We have no influence over trends, administration and even deans. All we can do is improve the quality of teaching, thereby fighting the war on our preferred field.

Face-to-face is the worst way to educate students (the majority). Only interactive, discussion-like and prepared form of studying really works. Even when you teach analytically difficult topics, in face-to-face mode, fails to convey depth and details to the students.

Currently, analytical courses online seem impossible, but non-analytical face-to-face teaching doesn’t work well even now.

If we could make everything interactive and discussion-like, online will not be an option. For years I tried to move the department towards seminar-type teaching on all levels. The answer always is dropping the topic.

10 05 2011
Jonathan Rees


Perhaps it comes from our different disciplines, but I couldn’t disagree more about your evaluation of face-to-face instruction. Discussion in an effort to bring out analytical points is just about the only way I know to get at the subtleties of history. Even if I could type fast enough to get a good analytical discussion going, you lose a lot without the ability to challenge students (and they you) in the middle of a thought.

Facts, facts and more facts is just plain dull – for me and for them.

11 05 2011
Middle Seaman

I may have failed to explain myself well enough. My experience with material that has no major intellectual obstacles is best describe by a former teacher who is a Nobel laureate. He asked us about our preferred style: “do you want vomit or problem solving?” Frontal vomit can be replaced by a textbook or an online course.
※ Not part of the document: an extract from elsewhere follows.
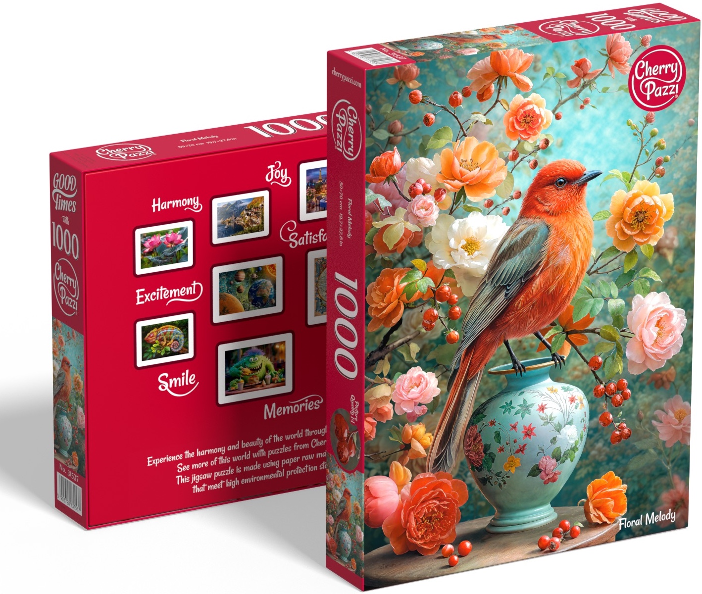 Puzzle 1000 dílků Cherry Pazzi – Květinová melodie (Floral Melody) Když si večer sednete ke stolu a vysypete z krabičky tisíc dílků, svět kolem vás na chvíli ztichne. Tohle puzzle vás vtáhne do obrazu, kde na zdobené porcelánové váze sedí ptáček s oranžovým peřím a kolem něj rozkvétají růže, pivoňky a drobné bobule. Každý dílek je malým kouskem té melodie, kterou květiny a příroda společně hrají. Proč si vybrat právě toto puzzle Motiv Květinová melodie patří k těm, u kterých se rádi zdržíte. Bohatá paleta barev – od teplých oranžových a růžových tónů až po uklidňující tyrkysové pozadí – nabízí dostatek vodítek i pro zkušené skládače. Zároveň vás ale nenechá v klidu, protože jemné přechody mezi okvětními lístky a detaily ptačího peří vyžadují soustředění a trpělivost. Kvalita, kterou poznáte hned po otevření krabičky Cherry Pazzi si zakládá na precizním zpracování. Dílky jsou vyřezány z pevného kartonu o tloušťce 2,2 mm, takže je příjemné brát je do ruky a nehrozí, že se při skládání ohnou nebo poškodí. Saténový povrch puzzle i krabičky dodává celému produktu elegantní vzhled a zároveň zajišťuje, že barvy zůstávají syté a věrné originálu. Co ocení každý, kdo už má za sebou desítky složených obrazů: dílky mají rozmanité tvary. Žádné dva kusy nejsou zaměnitelné, každý zapadne přesně tam, kam patří. Odpadá tak frustrující hledání, jestli dílek sedí, nebo jen vypadá, že by mohl sedět. Technické parametry Počet dílků: 1000 Rozměr složeného puzzle: 50 × 70 cm Tloušťka dílků: 2,2 mm Rozměr krabičky: 35 × 25 × 5 cm Povrch: saténový (puzzle i krabička) Výroba: EU Pro koho je puzzle určeno Tisícovka dílků představuje výzvu, která si žádá čas. Počítejte s několika večery plnými soustředěného skládání, kdy postupně sledujete, jak se z hromádky barevných kousků rodí ucelený obraz. Puzzle je ideální pro dospělé, kteří hledají způsob, jak vypnout od každodenního shonu a zároveň procvičit logické myšlení. Hodí se ale i jako společná aktivita – u většího stolu se pohodlně vejdou dva nebo tři skládači a můžete si rozdělit práci podle barevných oblastí. Květiny, ptáček, pozadí, váza – každý si najde svůj kousek obrazu. Tip na závěr Hotové puzzle o rozměrech 50 × 70 cm si přímo říká o zarámování. Květinová melodie krásně oživí stěnu v obývacím pokoji, ložnici nebo pracovně. A pokaždé, když na obraz pohlédnete, připomenete si ty příjemné hodiny strávené skládáním. Puzzle Cherry Pazzi v elegantní krabičce se saténovým povrchem je také promyšleným dárkem pro každého, kdo má rád klidnou zábavu s krásným výsledkem. Darujete nejen obraz, ale i zážitek. Zakupte produkt Puzzle Cherry Pazzi 1000 dílků - Květinová melodie (Floral Melody) z kategorie Hry, hračky, párty, karneval | Puzzle | Puzzle 1000 dílků od výrobce Cherry Pazzi za cenu 235 Kč.

Problem solving, i.e. digging in deeply, is best done face-to-face.

I attended classes in history, sociology, economics and linguistics. (I am a old pain.) I didn’t notice different styles of teaching for different topics. (May be in some art classes.)

11 05 2011
Music for Deckchairs

I’m late to this conversation, and perhaps should now change my name to Online Charlatan, which has quite a stylish ring, but I did want to send a small, polite cheer to your correspondent who feels that there are some weaknesses in face-to-face teaching. To me, these are increasing, just as the problems arising from online privateering are getting a bit worse. It’s just that face-to-face becomes our big taken for granted value, when the reality is that for many students its a practice of presenteeism. They’re with us, but they’re not necessarily listening, nor necessarily well prepared for the kind of socratic enquiry you’re advocating and that’s partly because they’re supposed to be in three other places at the same time, and also because their classes are overenrolled and we don’t know who they are.

So I’m not sure one method or another represents a magic bullet, because the problem isn’t mode of delivery, it’s institutional attitude, to which we are all more or less captive at the moment.

I read your earlier postings on online courses with interest.